Having spent most of my time in Japan living in studio flats or share houses, I've never had a proper kitchen. One hob crammed next to a sink was as close to a culinary facility as it got. It was always a case of buying a ready meal at the convenience store, heating it up in the microwave, taking off the lid — et voila! A passable meal for one.

Now though, I live in a real house, with a real kitchen that has a large sink, not one but two gas hobs, a separate unit for chopping and preparation, and an oven. It's practically Le Cordon Bleu.

All of this equipment makes me feel like I ought to be cooking up a storm every evening. So I recently started taking cooking classes. The catch is, they focus mostly on Japanese cooking, which is a whole new world for me. I mean, I eat Japanese food regularly of course, but cooking it?!

In actual fact, learning how to cook Japanese food has made me appreciate eating it much more. We've studied umami, and the key ingredients at the base of most Japanese dishes: soy sauce, cooking sake, dashi and sugar. There are different techniques for preparing and chopping vegetables, and rules for which ingredient can be combined with which. It's interesting to discover a cooking culture that's so deeply interlinked with the country's history and language.

The approach is similar in the U.K. in that there are certain techniques to follow. But I feel that in British cooking (even though everybody thinks British food is bad) the range of ingredients and dishes is perhaps more diverse. The influences for what we think of as British food today range far and wide — everything from Indian to Italian counts as a U.K. dish. If I try to think of the key ingredients at the base of British food, I realise there aren't any. Or is it that there are too many to name?

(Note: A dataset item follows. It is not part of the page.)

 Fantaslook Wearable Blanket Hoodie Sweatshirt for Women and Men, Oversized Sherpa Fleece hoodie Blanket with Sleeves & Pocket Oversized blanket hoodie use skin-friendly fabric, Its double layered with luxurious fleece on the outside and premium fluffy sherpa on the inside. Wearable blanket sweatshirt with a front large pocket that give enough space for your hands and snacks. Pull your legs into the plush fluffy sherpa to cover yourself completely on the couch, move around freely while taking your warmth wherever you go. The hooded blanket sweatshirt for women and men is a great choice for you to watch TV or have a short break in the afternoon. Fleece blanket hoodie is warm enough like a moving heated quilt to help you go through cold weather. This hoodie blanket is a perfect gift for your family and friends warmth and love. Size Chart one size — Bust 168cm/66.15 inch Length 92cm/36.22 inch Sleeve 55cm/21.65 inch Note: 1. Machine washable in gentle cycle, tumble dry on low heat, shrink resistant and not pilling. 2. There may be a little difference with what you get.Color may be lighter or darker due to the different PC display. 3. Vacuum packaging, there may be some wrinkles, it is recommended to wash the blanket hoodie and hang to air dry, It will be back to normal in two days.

In the U.K. we don't have this concept of umami. Cooking is kaleidoscopic. It's random. What is a British dish and what does it contain? I guess there's no one answer.

That's the joy of cooking and it's something I'm starting to appreciate. Our cooking teacher says that you should always add a pinch of yourself to a dish. So tonight it's kabocha a la U.K. fusion at its finest.

料理人が多過ぎる…?

せっかく立派なキッチンのある一軒家に住んだのだからもっと料理をしよう、と日本食の料理教室に通い始めた筆者。そこで日本とイギリスの料理文化の共通点や違いに気付いたという。